When I first got my TCB and saw this cake, I immediately knew it would be for my good friend who inspired me to bake layer cakes.
It is a fabulous cake on all counts.
The white chocolate whisper cake itself is amazing. The leveling scraps and leftover frosting made the friendly White Whisper Whoopie (the last picture). This friend does not like white chocolate. I gave a whoopie to another friend who does not like white chocolate—both loved the cake and neither detected it within.
The frosting is lemon buttercream, and I noted how I made it at this post: http://www.realbakingwithrose.com/index_ee.php/forums/viewthread/2689/. After doing some taste tests, I used lemon juice and zest rather than oil or extract, and it has a wonderful fresh flavor—even after being frozen for several days after baking (baked and composed on Sunday, froze until Wednesday night, kept in fridge until Friday morning, added blueberries today—Friday—before serving at 1:30 pm).
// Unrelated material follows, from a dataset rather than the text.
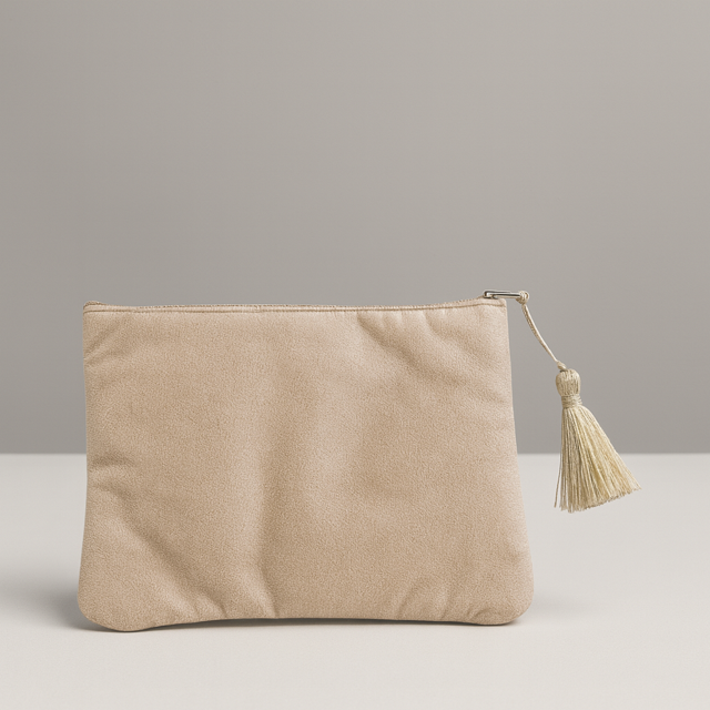 Une pochette beigne format 21x16 cm, avec une texture douce.

The blueberry topping gave me the mis’ry. My test batch, of course, was perfect with petite round berries and lots of juice. This bag for the “real” cakes had big blueberries and so little juice that my sugar caramelized into stiff crunchewy globs around the blueberries. I put the whole mess into a pan, melted it all, flung in some flour to thicken it (overshooting the mark) and let the overly-thick gooey, gluey mess rest until morning when I would pass judgment. I went to bed. In the morning, I looked at it, had the hub taste it, and it was perfect. And beautiful. And the perfect consistency. I was so happy! The blueberries really go beautifully with this cake. (The slice is a mini cake I made for self and hub. I tried smashing those blueberries for more juice, but it just made them angry and fussy looking, so don’t do that).
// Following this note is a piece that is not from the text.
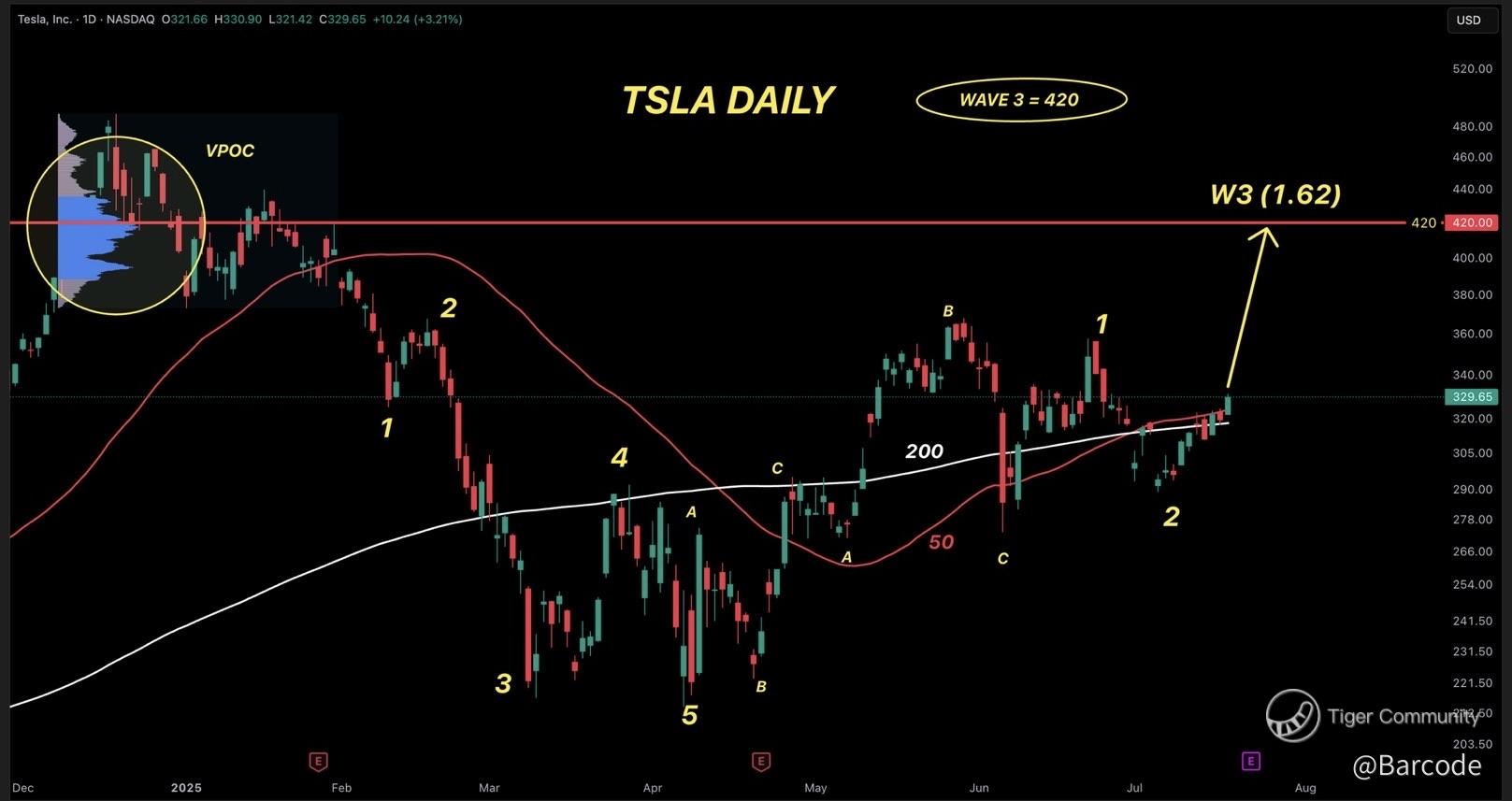 The breakout trigger remains $350. This level aligns with peak gamma exposure, and if reclaimed, the pattern suggests potential for a rapid move toward $375 and then $420, the 1.62 Fibonacci extension and Elliott Wave 3 target, further confirmed by harmonic Crab structure. The setup points to a possible impulsive breakout rather than a slow grind.

I got lots and LOTS of compliments on the cake. It was my first piping (except for the scraped pistachio cake—remember that one?) and my first leveling. One person said it was magazine perfect! Of course, everyone said how delicious it was, which it couldn’t help but be—the balance of the ingredients is so spot on.
Make this cake if it appeals to you at all. It is very easy and very delicious. Try my buttercream variation! The fresh lemon really can’t be beat!!! Even my friend other who doesn’t like lemon loved the cake.
The two-layer cake is 4”, not including the top shells.
Thanks, everyone, for all of your thoughts and suggestions while the cake was in the planning stages!!